Der neue Ford Focus war schon vielversprechend mit seinem 1.0-Liter-Ecoboost-Aggregat. Vor allem war das B&O-Sound-System mit dem Fahrtest aus dem letzten Jahr eigentlich schon abgehakt. Aber die Budget-Version weckte bei mir so große Erwartungen, dass ich mir die Chance nicht entgehen ließ, den nachgeschärften Ford Focus ST zu fahren. Der bewegt sich eher in den mir vertrauten Leistungsklassen und bekam auch eine aufwändigere Mehrlenker-Hinterachse. Außerdem hat sich die Bezeichnung des Audio-Systems geändert. Statt B&O Play heißt es jetzt wie bei Audi nur noch B&O. Oder ganz ausführlich wie in der Aufpreisliste: B&O Sound System by Bang & Olufsen. Somit habe ich ein gewisses Alibi, den Focus noch einmal durch die Berge bei Nizza zu scheuchen. Dort fuhr ich letztes Jahr bereits den Ford Mustang GT und war begeistert – von Auto und Landschaft.
Wie sich die Zeiten doch ändern. Ford war so ziemlich die letzte Marke, die ich beim Start von LowBeats im Jahr 2015 für den ganz persönlichen Geschmack auf dem Radar hatte. Doch zahlreiche gut gemachte Vernuftsautos, zwei Mustangs und einen Supersportwagen Ford GT später, freute ich mich aus durchaus eigennützigen Motiven auf die Ausfahrt durch die Berge. Und ich wurde nicht enttäuscht. Der ab knapp über 30.000 Euro erhältliche, dezente Kompaktsportler machte auch jenseits seiner HiFi-Anlage mächtig Laune. In sportlicher Hinsicht überzeugte er mich mehr als der längsdynamisch monströse BMW M140i xDrive. Dabei stemmt der Bayer stramme 340 PS an alle vier Räder, während sich der Ford Focus ST mit 280 PS bescheidet. Die Mercedes-Benz A-Klasse konnte ich leider nur mit dem kleinen A200-Motor erleben, den Audi S3 fuhr ich in der vorigen Generation, die mit ihrem frontlastigen Allradantrieb recht untersteuernd agierte.

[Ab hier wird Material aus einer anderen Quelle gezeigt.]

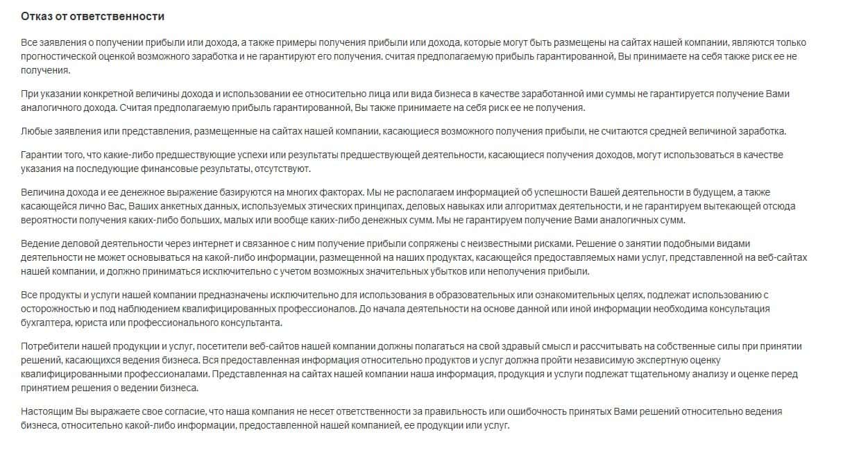 Далее представлен документ под названием Отказ от ответственности, так как лохотрон AlexanderPurnov не удосужился предоставить на сайте ни договора, ни соглашения.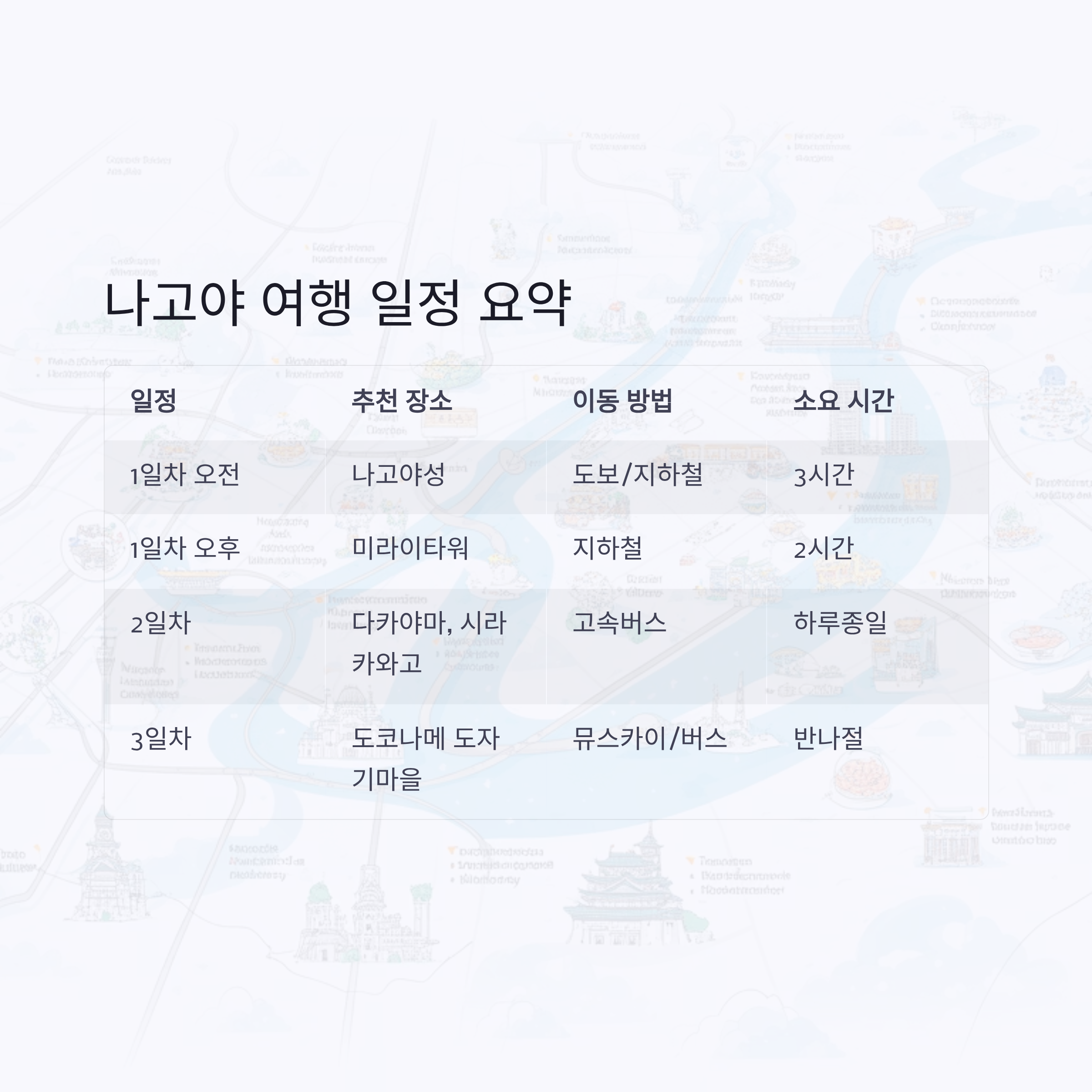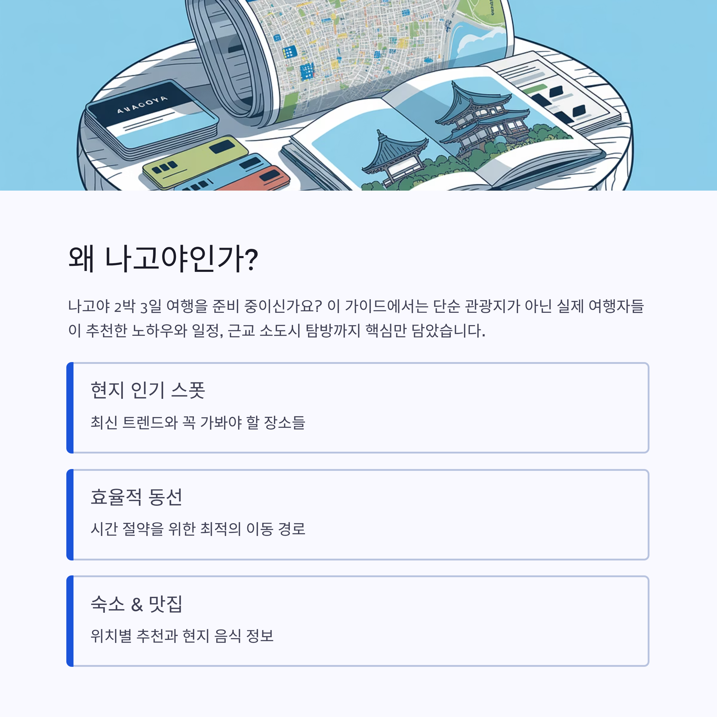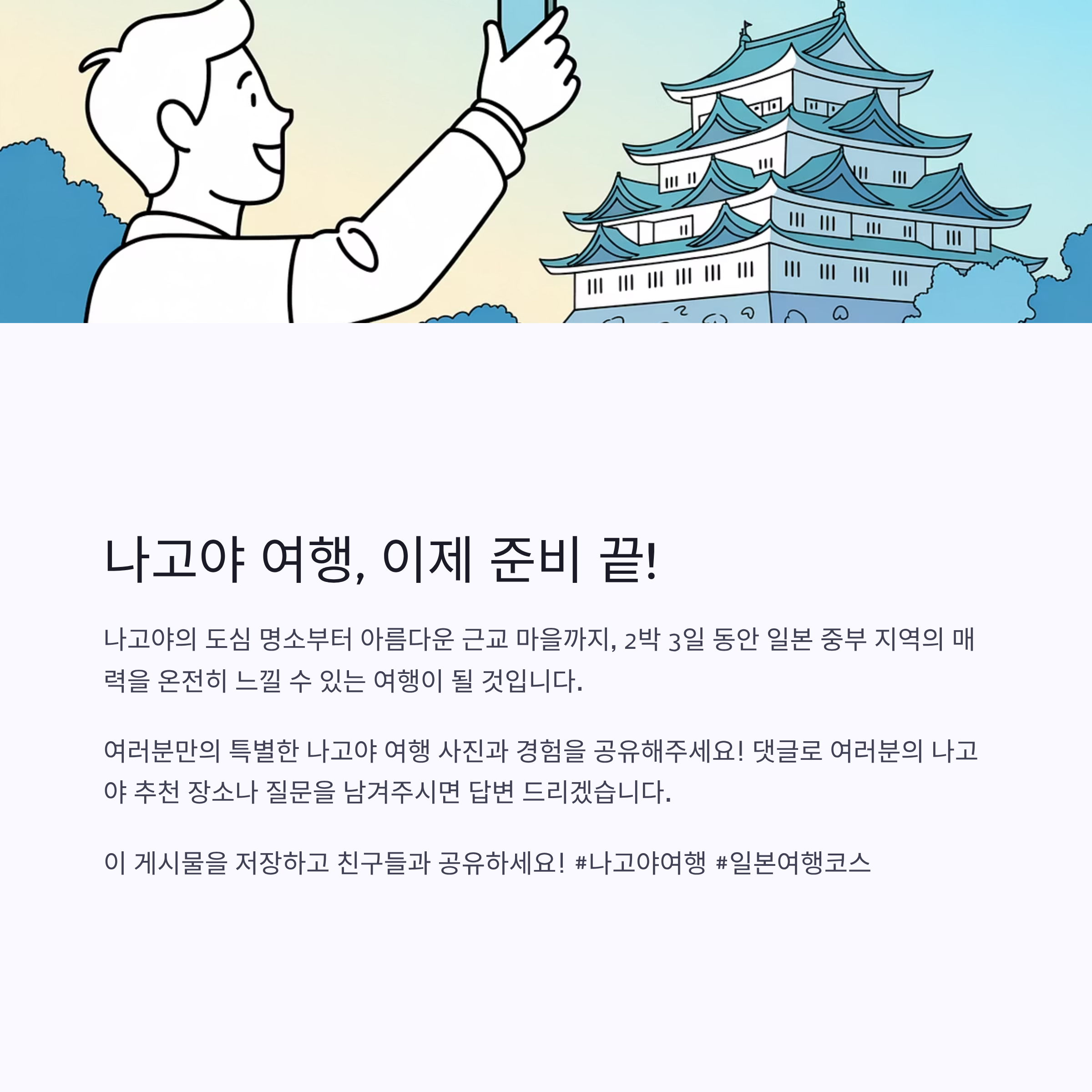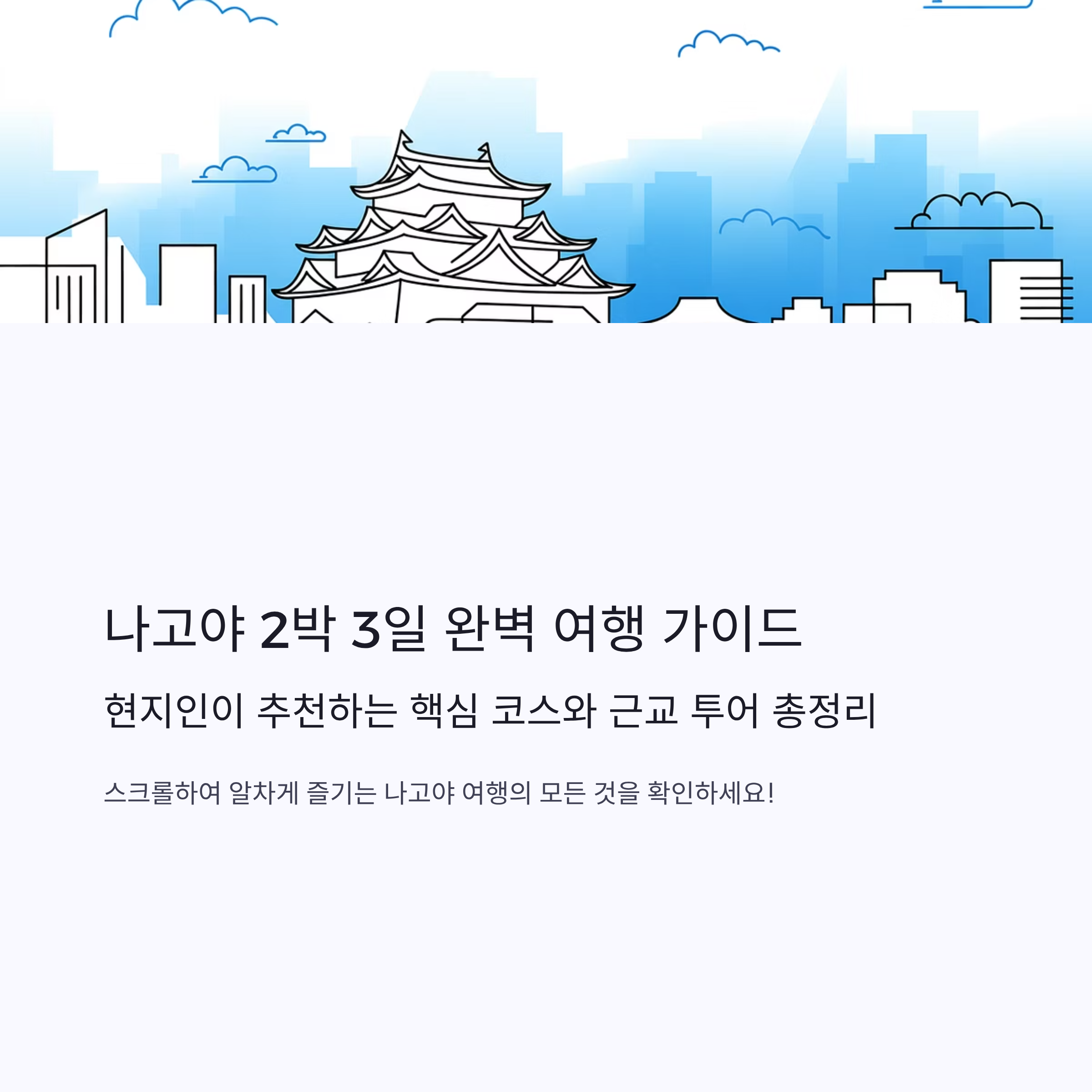 나고야 2박 3일 여행을 준비 중이신가요? 이번 글에서는 단순 관광지가 아닌 실제 여행자들이 추천한 노하우와 일정, 근교 소도시 탐방까지 핵심만 담았습니다. 최근 인기 스폿, 동선 팁, 숙소 위치, 음식, 그리고 핵심 교통 정보까지 빠짐없이 정리했으니, 이 글 하나로 나고야 여행 계획 완성하실 수 있어요.

Unterhaltung statt Untersteuern
Untersteuern im Grenzbereich ist vor allem eine Begleiterscheinung von Frontantrieb – einem Antriebskonzept, das ich mir nach 30 Jahren Heckantrieb in Form zweier Mini Cooper S als eine Art Handycap auferlegte, um mich etwas einzubremsen. Mini Nummer 2 hatte eine mechanische Differenzialsperre, weil Mini Nummer 1 in engen Kehren hilflos mit dem kurveninneren Vorderrad durchdrehte, Doch die dramatisch bessere Fahrdynamik hatte ihren Preis: Der Brite zerrte ungeachtet eines bemerkenswerten Kurvenpotenzials höllisch an der Lenkung, hielt einen also ständig auf Trab.
Warum ich das erwähne? Trotz mega-sensiblem Popometer hätte ich anfangs schwören können, der Ford Focus ST hätte Allradantrieb. Obwohl ich es auf den einsamen Bergpässen zügig anging, waren weder Schlupf noch Lenkungseinflüsse zu verzeichnen. Eine Folge der sensiblen elektronischen Differenzialsteuerung mit Torque Vectoring Control und dem automatischen Torque-Ausgleich der elektrisch unterstützten Servolenkung. Und anders als mit den mir bekannten Front-Trieblern mit Differenzialsperre hatte ich nicht das Gefühl, den Wagen allein mit der Vorderachse durch die Kurve zu ziehen. Die Hinterachse leistete perfekt austariert ihren Beitrag.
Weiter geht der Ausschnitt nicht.